Key takeaways
- Validation is a reading discipline, not a tool.
- Data, assumptions, costs, slippage, out-of-sample, and sensitivity are the six pillars.
- Always ask 'what would invalidate this study?'.
- A study that cannot be invalidated by any observation is not a study.
Why independent validation matters
The most useful skill for an independent learner is the ability to read someone else's study and stress it without taking the author's word. This note describes a neutral checklist for doing so. It works for any study, not only ours.
Data source questions
Where did the data come from? Is the time-stamping consistent? Are adjusted or unadjusted prices used, and is that documented? Are corporate actions handled correctly? For options, are end-of-day or intraday snapshots used, and what is the source for implied volatility?
Assumptions review
Is the execution model written down? Is the cost stack itemised? Is slippage modelled and is it scaled by liquidity? Is the strike universe filtered? Is position sizing fixed or adaptive, and if adaptive, on what?
Out-of-sample review
Is there an explicit out-of-sample window? Was it chosen before tuning began? Are the out-of-sample metrics reported separately, or only the aggregate?
Sensitivity testing
Does the rule survive ±25% perturbation of each parameter? Does it survive doubled slippage? Does it survive removal of the single worst and single best observations? If any of these collapses the result, the headline depends on a knife-edge.

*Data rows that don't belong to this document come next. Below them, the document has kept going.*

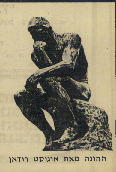
ההוגה מאת אוגוסט רודאן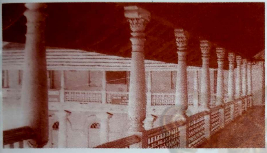
വരാന്തകൾ വിജനമായിരുന്നു; വലിയ ഗോവണിയും.

എന്റെ മകൻ ജീവിച്ചിരുന്ന പ്പോൾ കാനായിലെ കല്യാ ണാവസരത്തിൽ ഞാൻ ഇട പെട്ട് വീഞ്ഞുണ്ടാക്കിക്കൊടു ത്തു. ഇപ്പോഴാണെങ്കിൽ എന്റെ മടിയിൽ ജീവനറ്റു കിട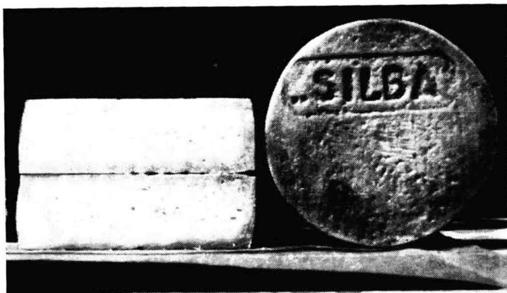
Sir iz Ovčarsko-mljekarske zadruge Silba

Prolazeći brodom uz ove otoke teško je strancu vjerovati, da na onim kamenjarama i rijetkoj makiji može živjeti ovca. Krš je degradiran i vegetacija je u stalnom regresu, te su pašnjaci na otocima vrlo oskudni. Osim toga sušno i vruće ljeto osuši sve zeleno. Međutim ovca, koja je dosta sitna, dobro je prilagođena ovim prilikama, te prelazeći velike površine nalazi i najmanju travku. Na nekim otocima, kao na Pagu i Silbi, nikad se ovca ne zaklanja pod krov, a to je moguće radi blage zime. Ovca pase u ograđenim pašnjacima bez pastira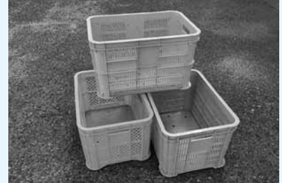
▲人気の高いコンテナ

動噴、草刈り機、チェーンソー、コンテナ、各種資材 ※不動産・破損品は対象外です。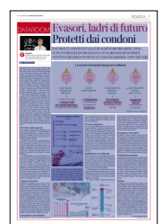
Peso: 1-2%, 17-87%

«L'umiltà è una virtù stupenda, il guaio è che molti italiani la esercitano nella dichiarazione dei redditi», diceva Giulio Andreotti, uno che la sapeva lunga. L'analisi sui dati pubblicati dal Mef nel 2025 mostra che, rispetto alla congruità delle dichiarazioni, sono sotto soglia il 25% di studi medici e laboratori, il 37% delle farmacie, il 48% dei dentisti, il 37% dei notai. Le attività di intermediazione e consulenza finanziaria e assicurativa: il 68% non raggiunge la sufficienza nei punteggi Isa e dichiara 125 mila euro contro i 568 mila di quelli con dichiarazioni attendibili. Gioiellerie: il 55% sostiene di guadagnare solo 28 mila euro, il 58% dei balneari dichiara di vivere con 15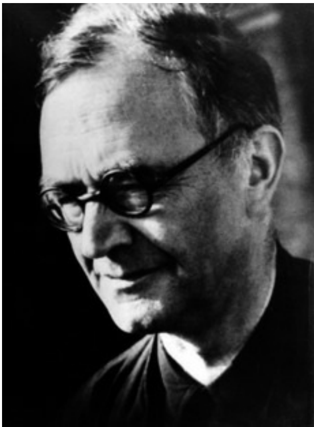
Karl Barth (1886-1968)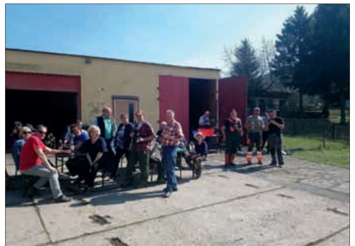
Nach einem sehr intensiven Arbeitseinsatz trafen sich 30 Teilnehmer auf dem Feuerwehrgelände bei Bratwurst und Bier zur Auswertung.

Wir bedanken uns bei allen Arbeitswilligen für ihre Teilnahme . FF Unterwirschbach und Feuerwehrverein Unterwirschbach e.V.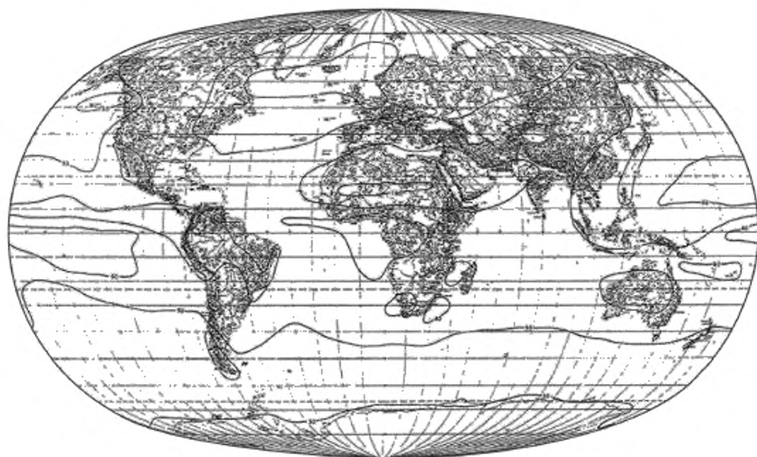
Рисунок А.3 — Средняя энергетическая суточная экспозиция за год (в процентах)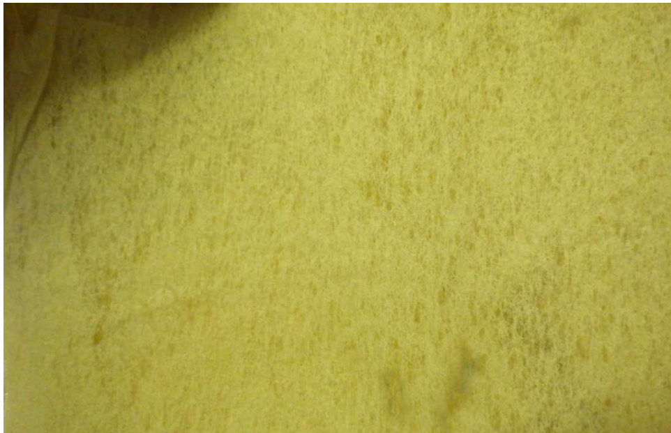
撒かない防除剤ゼオライトシート

愛媛県では Karenia mikimotoi による赤潮に悩まされてきた。赤潮を魚に安全に防除するため、防除剤の研究を行った結果、ミョウバンを添加した入来モンモリ及び銀を担持するゼオライトと銅を担持するゼオライトで赤潮防除能が見られた。さらに、散布しない防除剤も開発され、環境への影響も軽減された。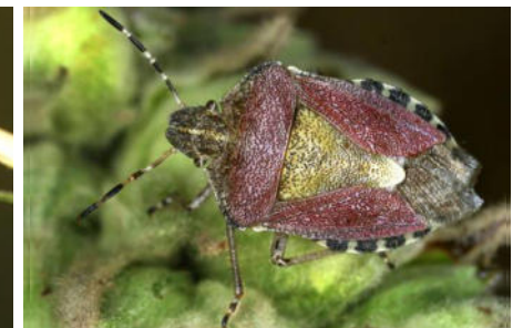
Pentatomidae – Baumwanzen (31/51)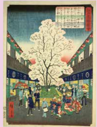
初代歌川広重「江戸名勝図会 吉原」 文久 2 年 (1862)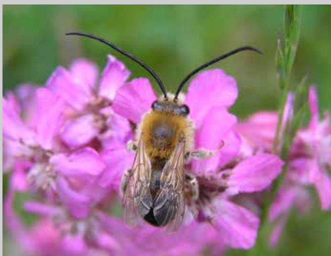
Länghornsbi är specialiserad på att samla pollen från ärtväxter. Hanan är lätt att känna igen på de långa antennerna.

Bina behöver tillräckligt med blommande pollenväxter inom flygavstånd från boet för att honan ska kunna livnära sin avkomma. Det måste också finnas växter som förser de vuxna bina med nektar, vilket fungerar som "flygbränsle". Ungefär en fjärdedel av de svenska solitärbin samlar endast pollen från en eller fåtal växter. Denna specialisering gör dem mycket effektiva i sin pollensamling, men samtidigt känsliga för störningar och variation i blomtillgång. Många av de utrotningshotade arterna är sådana specialister.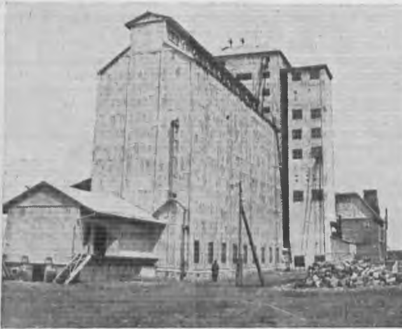
Общий вид Тираспольского элеватора В/О Заготзерно

Машины элеватора: дизель Харьковского завода системы Зульцера в 150 лошадиных сил, 2 нефтемотора по 20 сил и один электро-генератор на 100 квт. Сепаратор элеватора пропускает 120 тонн зерна в час.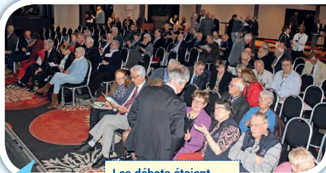
Les débats étaient ouverts, francs, animés, chacun s'exprimait librement.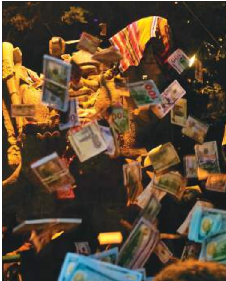
VÍSPERA. Anoche se realizó la ceremonia de agradecimiento.

Para este 24 de enero, los actos oficiales comenzarán a las 11.00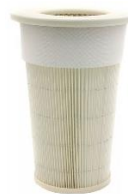
Filtro in poliestere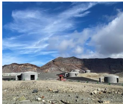
▲火山灰等を撤去した見学エリア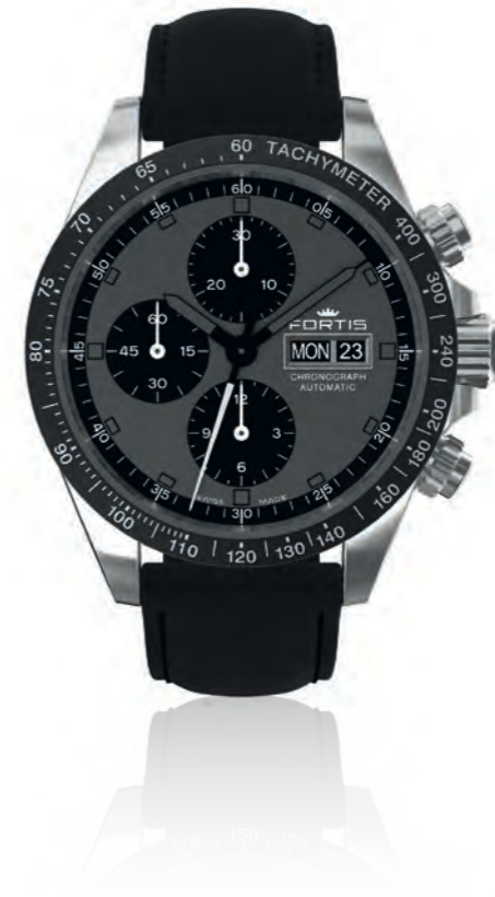
Stratoliner All Black Limited Edition 200 pcs.

42mm Edelstahlgehäuse · verschraubte Drücker · erhabene olivfarbene Indexe · olivfarbene Zeiger · matt weißes Ziffernblatt mit Superluminovafüllungbeschichtung grün nachleuchtend · matt schwarze compteur Ziffernblätter · Schweizer Automatikwerk Valjoux 7750 elaboré · Edeltstahlkürnette mit Tachymetrie · Chronograph · Tages- und Datumsanzeige · Glasboden · beidseitig entspiegeltes Saphirglas · 10 bar wasserdicht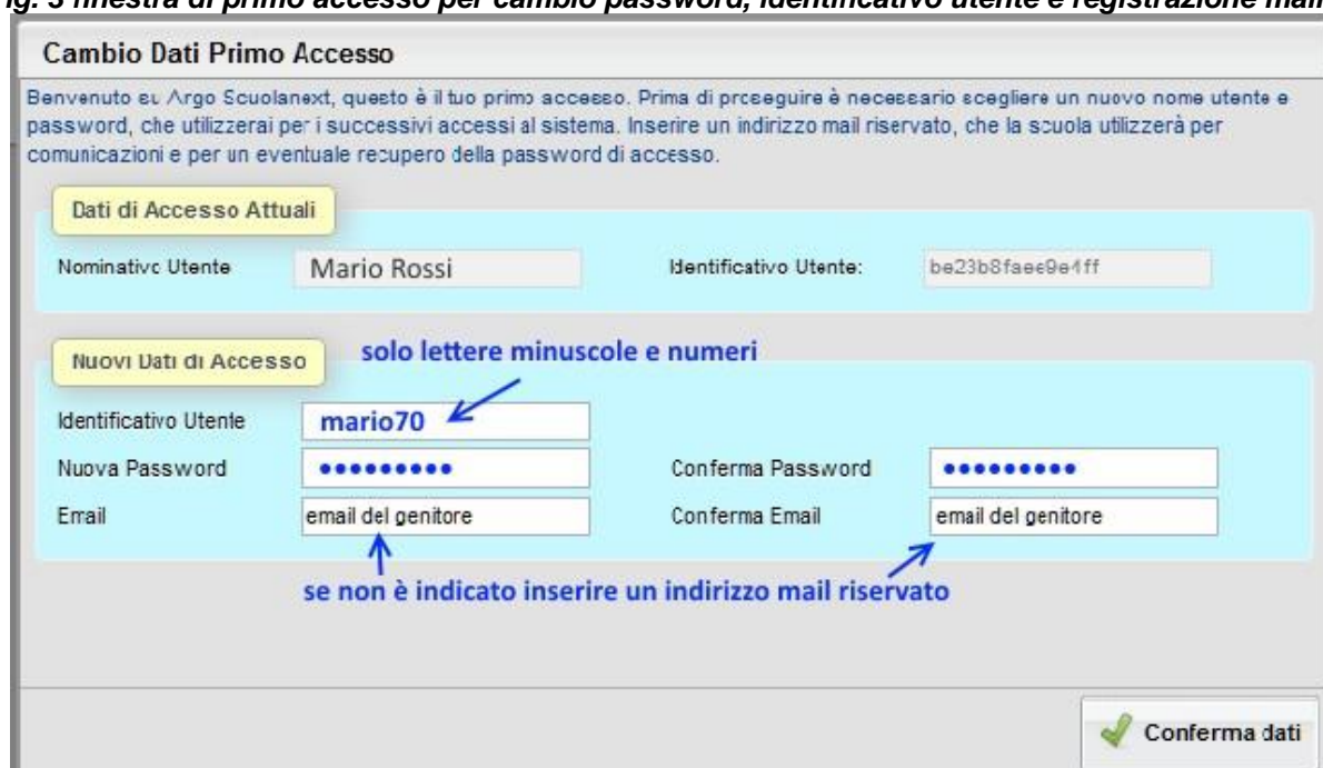
Fig. 3 finestra di primo accesso per cambio password, identificativo utente e registrazione mail.

Dopo aver digitato tutti i dati richiesti, cliccare su " Conferma dati ", a questo punto il sistema avviserà dell'avvenuta registrazione dei dati e provvederà ad inviare una mail di promemoria al vostro indirizzo e.mail.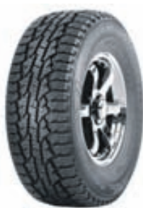
Nokian Rotiiva AT

Nokian Line sumardekkið er framúrskarandi. Það gefur besta mögulega gripið, frábæra akstursupplifun og er sérstaklega gott í bleytu.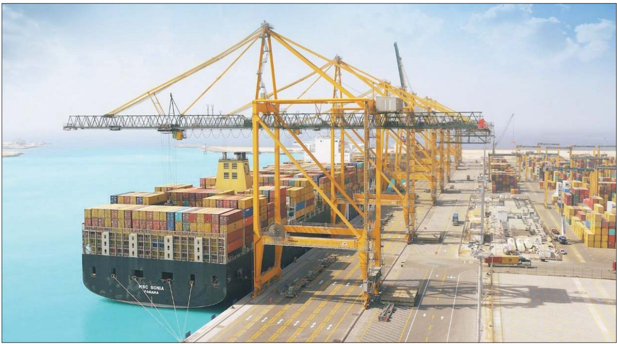
السعودية تفتح خطاً ملاحياً جديداً على الخليج العربي توسيعاً لحركة الحاويات مع الشرق الآسيوي (الشرق الأوسط)

وموانئ دول شرق آسيا خلال هذا الوقت الحرج للاقتصاد العالمي؛ تعزيراً على صلابة الاقتصاد السعودي ومئات سلاسل الإمداد في المملكة». ومعلون أن الهيئة العامة للموانئ أعلنت مؤخراً عن بدء تشغيل خط ملاحى آخر يربط المملكة مع دول شرق أفريقيا وذلك عن طريق الخط الملاحى الذي يعد أول خط شحن للحاويات يصل إلى ميناء الملك فهد الصناعي ينبع، بما يسهم في تعزيز حركة الصادرات والسوارات من وإلى ميناء ينبع الصناعي وميناء جدة الإسلامي.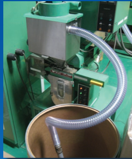
Mangueras de PVC Series WE/WT con y sin alambre antiestático para la transferencia mediante sistemas neumáticos de pellet y otros materiales secos granulados.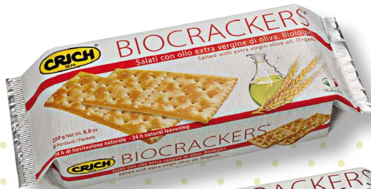
SALATI IN SUPERFICIE

SUOLO E SALUTE SRL OidC. autorizzato con DM MRAAF 9697232/30.12.96 in applicazione al Reg. CEE n. 2092/91 Prodotto da agricoltura biologica Regime di controllo CE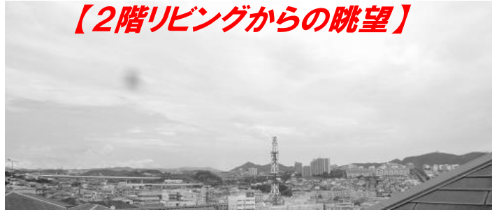
【2階リビングからの眺望】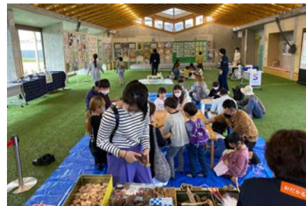
小高の素材で木片工作体験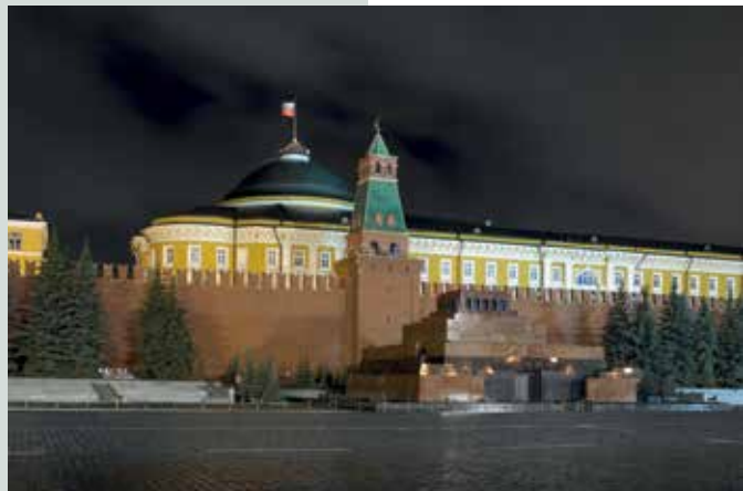
Leninov mavzolej pred Kremljem.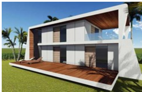
Vivienda hecha con sistema Comoplack

Una de las principales características del sistema es que lleva el aislamiento incorporado, por lo que permite cerrar una vivienda al mismo tiempo que se aísla de manera hermética sin puentes térmicos, convirtiendo cualquier construcción con Comoplack en ecoeficiente. Además el sistema es totalmente compatible y adaptable a los sistemas constructivos existentes actualmente, por lo que hace del producto el material ideal no solo para construcción de obra nueva, sino también para remodelación.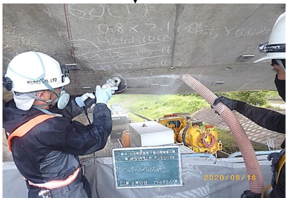
② カッター入れ状況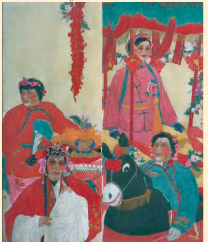
年·万象更新(国画) 李 宁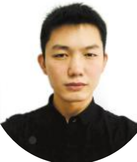
通威新能源科技(北京)有限公司开发部 董博会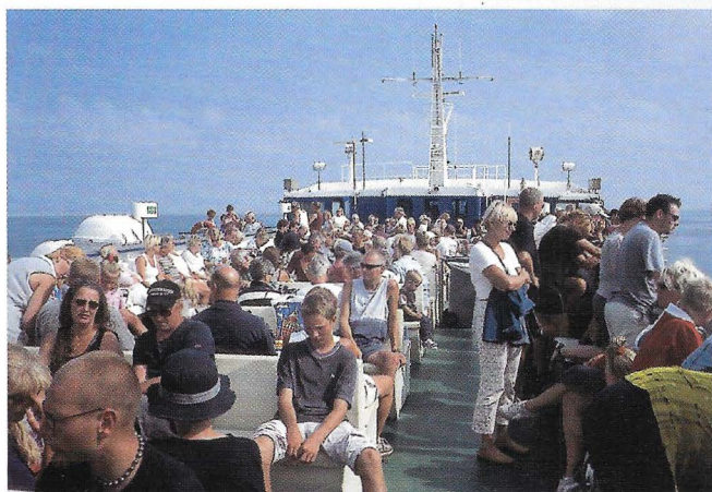
De waddeneilanden zijn erg in trek als vakantiegebied.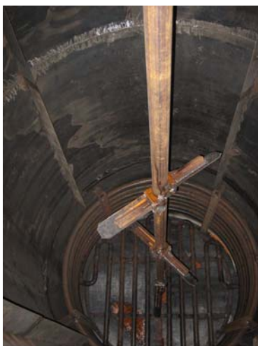
Вертикальная 3-х лопастная мешалка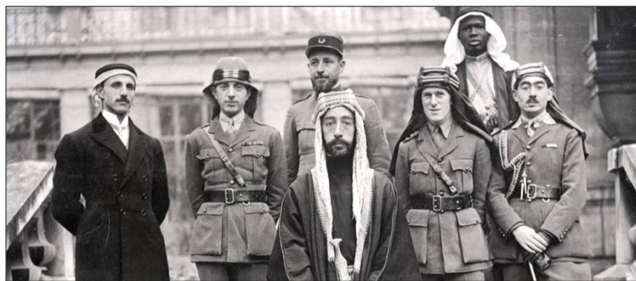
EN LA CONFERENCIA DE VERSALLES nació el actual Irak. En la foto se ve al príncipe Faisal (al centro) junto al coronel T. H. Lawrence, el famoso “Lawrence de Arabia” (segundo de derecha a izquierda).

Solo en 1932 Irak pasaría a ser una monarquía constitucional, la cual desapareció tras el golpe de Estado militar de 1958, cuando Faisal II fue ejecutado junto a toda su familia.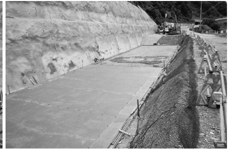
山側の擁壁の土台工事に着手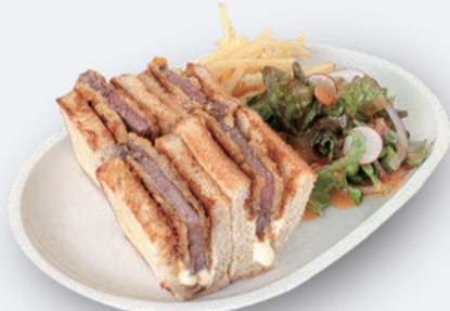
牛カツチーズサンド 1,300円 ドリンク付き 1,600円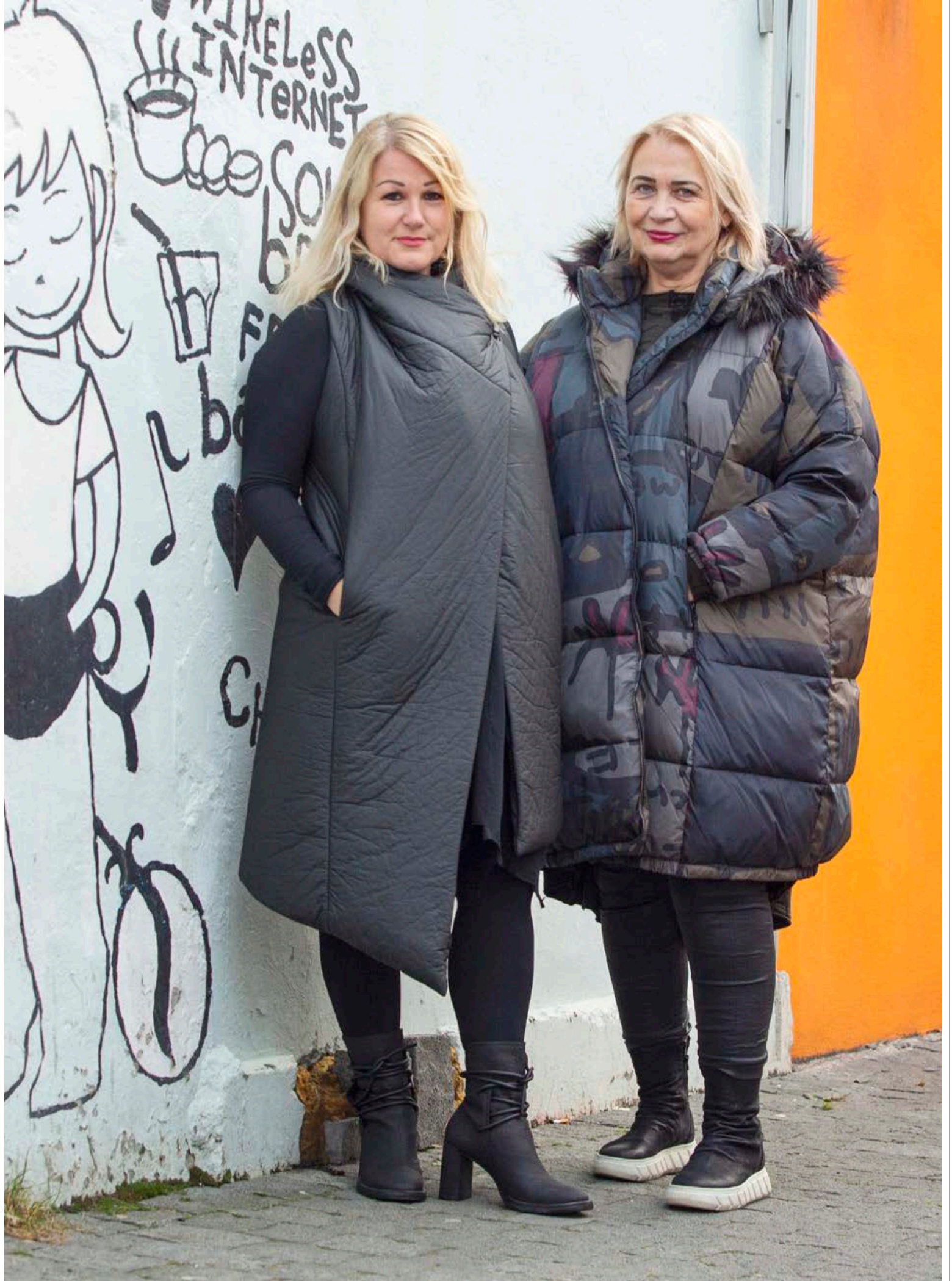
Eva er í varmavesti frá studiob3 og skóm frá Puro. Púriður er í dúnúlpu frá Rundholz og skóm frá Lofina.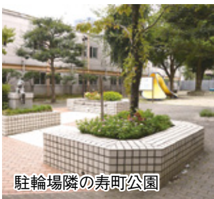
駐輪場隣の寿町公園

また、駐輪場の隣には寿町公園があります。地域の方から公園にもお花を植えてほしいとの要望があり、これに応じて余った苗を植えてい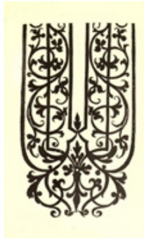
การผูกลายแบบตะวันตก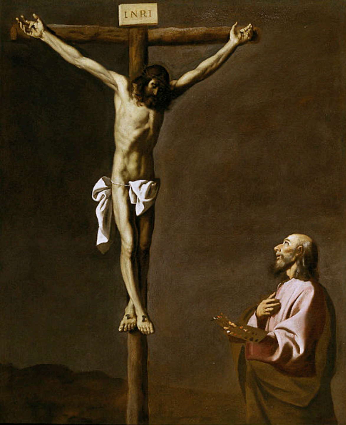
Francisco de Zurbarán (Fuente de Cantos, 1598 – Madrid, 1664), Saint Luc devant le Christ en croix , vers 1635, peinture à l'huile sur toile, Madrid, musée du Prado.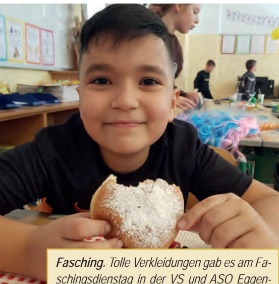
Fasching. Tolle Verkleidungen gab es am Faschingsdienstag in der VS und ASO Eggendorf zu bewundern. Faschingsspiele und Faschingskrapfen – danke an den Elternverein für diese Jause – machten den Tag zu einem besonderen Erlebnis für die Kinder.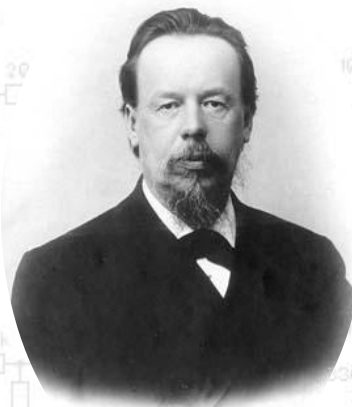
А. С. Попов 1895-1905

What would invalidate the study?
Every research study should be able to answer this question. If the author cannot name an observation, a window, or a stress test that would invalidate the result, the study is decorative rather than scientific.
Reproducibility
Is the rule defined precisely enough that an independent reader could in principle reproduce it? If not, the result is not reproducible and the reader is being asked to trust the author.
Common mistakes
- Accepting summary metrics without inspecting the assumptions section.
- Skipping the limitations and what-can-go-wrong sections.
- Comparing only to cash returns and ignoring a passive benchmark.
- Treating a study with no failure conditions as a strong study.
How this appears in OptionScience reports
Every OptionScience report includes an Independent Validation Checklist in the protected report viewer so the reader has a structured way to scrutinise it.
Practical educational example
Checklist
- Is each assumption stated and reasonable?
- Are limitations and risk observations documented by the author?
- Does the rule survive stress on slippage and parameters?
- Does the rule outperform a relevant passive benchmark net of costs?
- Can the author name what would invalidate the study?